Il est établi que le fondateur de l'empire assyrien fut un prince nommé sur les monuments Ni nippaloukin, lequel vivait cent cinquante ans après Moïse. D'autre part, la région qui fut appelée Assyrie était désignée, du temps de Moïse, sous le nom d'empire des Rotennou, ainsi que cela résulte des monuments égyptiens, mentionnés par Oppert et autres savants; nous voyons, en effet, dans diverses inscriptions égyptiennes, que les rois de la dix-huitième dynastie d'Egypte, contemporains de Moïse, portèrent leurs armes en Babylonie et se firent payer des tributs par les Rotennou, qui dominaient dans la Mésopotamie, au pays même du Tigre et de l'Euphrate. Si Moïse était le véritable auteur de la Genèse, il aurait donc écrit: « le Tigre, fleuve qui coule au pays des Rotennou. »

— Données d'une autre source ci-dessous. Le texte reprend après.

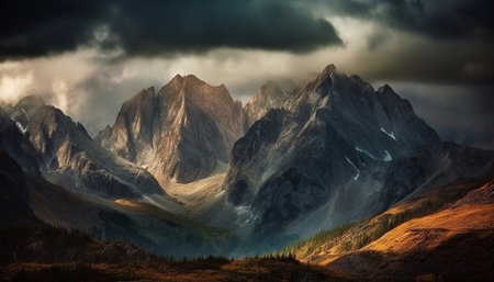 Majestic mountain range, panoramic landscape, extreme terrain, tranquil scene generated by artificial intelligence
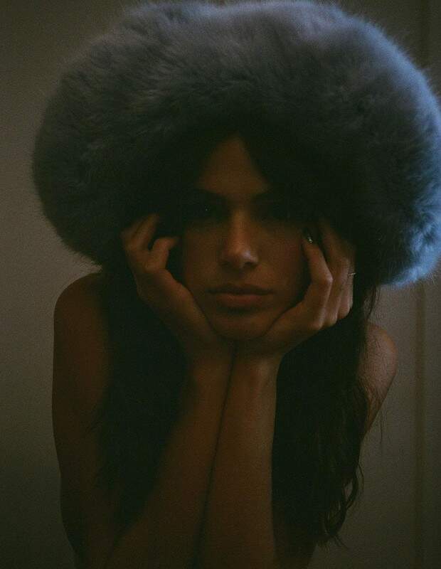 Em um dos cliques, de topless, ela usou um chapéu de pelos e em outro ainda aparece com o acessório e meia calça branca. As fotos foram tiradas por Emma Brewin.
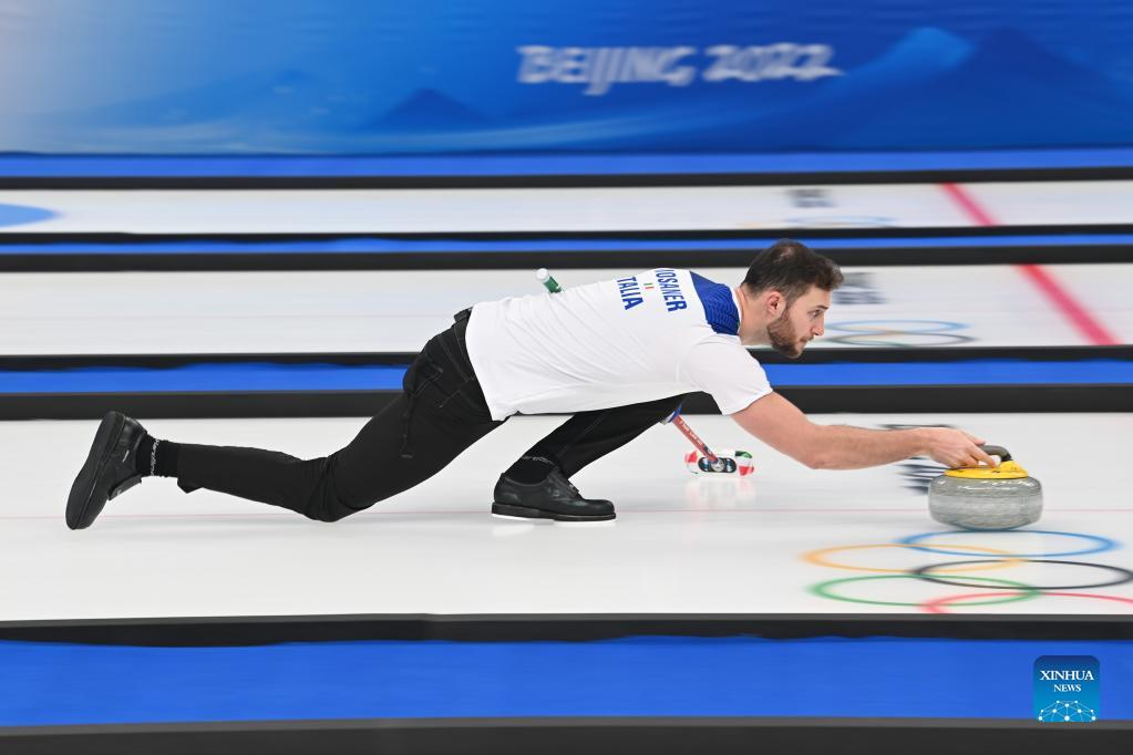 Stefania Constantini of Italy competes during the Beijing 2022 Winter Olympics between the United States and Italy at National Aquatics Centre in Beijing, China, Feb. 3, 2022. (Xinhua/Huang Xiaobang)

Il est vrai que les tonsurés pourront toujours nous répondre: — Le véritable auteur de la Genèse n'est pas plus Esdras que Moïse; c'est l'Esprit-Saint! Par conséquent, la Bible mentionnerait-elle même Saint-Pétersbourg et New-York, cela ne devrait pas nous paraître illogique et ne saurait aucunement nous surprendre.

Inclinons-nous donc, et reprenons la suite du sacré récit, avec un joyeux rire; car cette édifiante Genèse ne manque vraiment pas de gaîté.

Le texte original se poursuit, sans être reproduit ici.